> [Assignment]:
It is required that the lines from the top of the listing through the line with "3. เครื่องทำลมแห้งชนิดเมมเบรน (Membrane" be reproduced exactly, excluding pictures.

> [Provided data]:
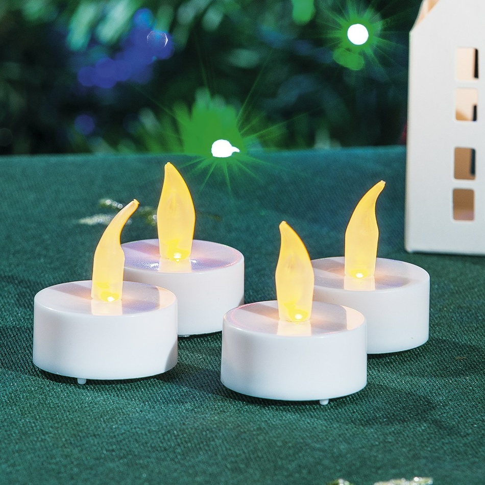 Nudia vás klasické sviečky? Kúpte si túto sadu, ktorá svieti pomocou LED žiaroviek. Majú funkciu časovaného zapnutia a funkciu blikania. Napájané sú pomocou 4 batérií CR2032, ktoré sú súčasťou balenia.Pr. sviečky 3,5 cm, celková výška 4,5 cm, výška výška bez plamienka 2 cm
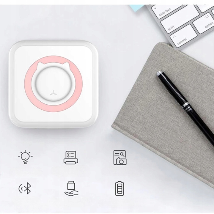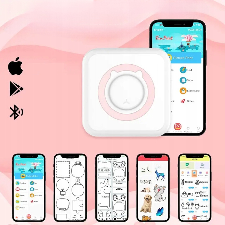 Тепловий принтер підключається до телефону за допомогою Bluetooth. Просто завантажте безкоштовну програму для друку, увімкніть Bluetooth на телефоні та підключіться до однієї кнопки з пристроєм C15. Додаток містить велику кількість бібліотек матеріалу, кілька шрифтів, режими редагування тексту та інші функції.
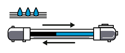 3. เครื่องทำลมแห้งชนิดเมมเบรน (Membrane drying) เครื่องทำลมแห้งชนิดนี้จะมีขนาดไม่ใหญ่นัก เหมาะกับการใช้งานเฉพาะจุดที่ค่อนข้างซีเรียสเรื่องความชื้น (Critical Point of Use) เครื่องทำลมแห้งแบบ Membrane สามารถทำ Dew Point ได้สูงถึง -40 °C (PDP) ไม่มีการใช้ไฟฟ้า ทำให้ไม่สิ้นเปลืองพลังงาน เนื่องจากลมอัดที่มีความชื้นจะผ่านเส้นใยไฟเบอร์ (Bundle of Hollow fiber) โดยผนังของเส้นใยไฟเบอร์นี้ ถูกออกแบบพิเศษให้สามารถดักจับไอน้ำ (water vapor) ในลมอัดได้ เพื่อที่จะคลายความชื้นออกจากผนังของเส้นใยไฟเบอร์นี้ ลมอัดที่แห้งส่วนหนึ่ง จะถูกนำมาดึงความชื้นออกจากผนังเส้นใยไฟเบอร์นี้ทางด้านนอกของท่อเส้นใยไฟเบอร์ และระบายออกสู่บรรยากาศ
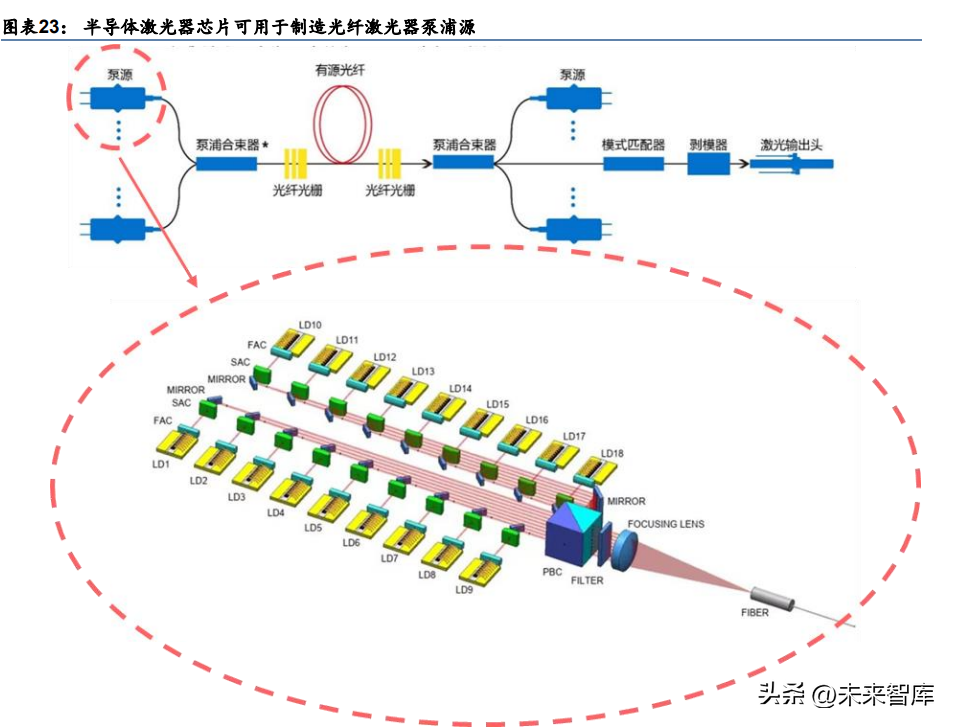 高(gao)功率半(ban)導(dao)(dao)體(ti)(ti)激(ji)(ji)光(guang)(guang)(guang)芯片:激(ji)(ji)光(guang)(guang)(guang)器(qi)(qi)(qi)泵(beng)浦源(yuan)核心(xin)上(shang)(shang)游。高(gao)功率半(ban)導(dao)(dao)體(ti)(ti)激(ji)(ji)光(guang)(guang)(guang)器(qi)(qi)(qi)芯片可用于制造(zao)光(guang)(guang)(guang) 纖激(ji)(ji)光(guang)(guang)(guang)器(qi)(qi)(qi)和固(gu)體(ti)(ti)激(ji)(ji)光(guang)(guang)(guang)器(qi)(qi)(qi)泵(beng)浦源(yuan),其工作原(yuan)理是通過對激(ji)(ji)光(guang)(guang)(guang)工作物質的激(ji)(ji)勵和抽運(yun)激(ji)(ji)活粒(li)子 到高(gao)能級(ji),從(cong)而實現(xian)粒(li)子數反轉。半(ban)導(dao)(dao)體(ti)(ti)激(ji)(ji)光(guang)(guang)(guang)泵(beng)浦源(yuan)主(zhu)要由 COS 芯片(激(ji)(ji)光(guang)(guang)(guang)芯片、熱沉等)、 殼體(ti)(ti)及(ji)其他材(cai)料(liao)組成(cheng),根據(ju)《激(ji)(ji)光(guang)(guang)(guang)制造(zao)商(shang)情》(2020 年(nian) 08 月刊 130 期(qi)),泵(beng)浦源(yuan)成(cheng)本可占 光(guang)(guang)(guang)纖激(ji)(ji)光(guang)(guang)(guang)器(qi)(qi)(qi)總成(cheng)本比例的 50%以上(shang)(shang)。

> [Task result]:
 Nudia vás klasické sviečky? Kúpte si túto sadu, ktorá svieti pomocou LED žiaroviek. Majú funkciu časovaného zapnutia a funkciu blikania. Napájané sú pomocou 4 batérií CR2032, ktoré sú súčasťou balenia.Pr. sviečky 3,5 cm, celková výška 4,5 cm, výška výška bez plamienka 2 cm
 Тепловий принтер підключається до телефону за допомогою Bluetooth. Просто завантажте безкоштовну програму для друку, увімкніть Bluetooth на телефоні та підключіться до однієї кнопки з пристроєм C15. Додаток містить велику кількість бібліотек матеріалу, кілька шрифтів, режими редагування тексту та інші функції.
 3. เครื่องทำลมแห้งชนิดเมมเบรน (Membrane drying) เครื่องทำลมแห้งชนิดนี้จะมีขนาดไม่ใหญ่นัก เหมาะกับการใช้งานเฉพาะจุดที่ค่อนข้างซีเรียสเรื่องความชื้น (Critical Point of Use) เครื่องทำลมแห้งแบบ Membrane สามารถทำ Dew Point ได้สูงถึง -40 °C (PDP) ไม่มีการใช้ไฟฟ้า ทำให้ไม่สิ้นเปลืองพลังงาน เนื่องจากลมอัดที่มีความชื้นจะผ่านเส้นใยไฟเบอร์ (Bundle of Hollow fiber) โดยผนังของเส้นใยไฟเบอร์นี้ ถูกออกแบบพิเศษให้สามารถดักจับไอน้ำ (water vapor) ในลมอัดได้ เพื่อที่จะคลายความชื้นออกจากผนังของเส้นใยไฟเบอร์นี้ ลมอัดที่แห้งส่วนหนึ่ง จะถูกนำมาดึงความชื้นออกจากผนังเส้นใยไฟเบอร์นี้ทางด้านนอกของท่อเส้นใยไฟเบอร์ และระบายออกสู่บรรยากาศ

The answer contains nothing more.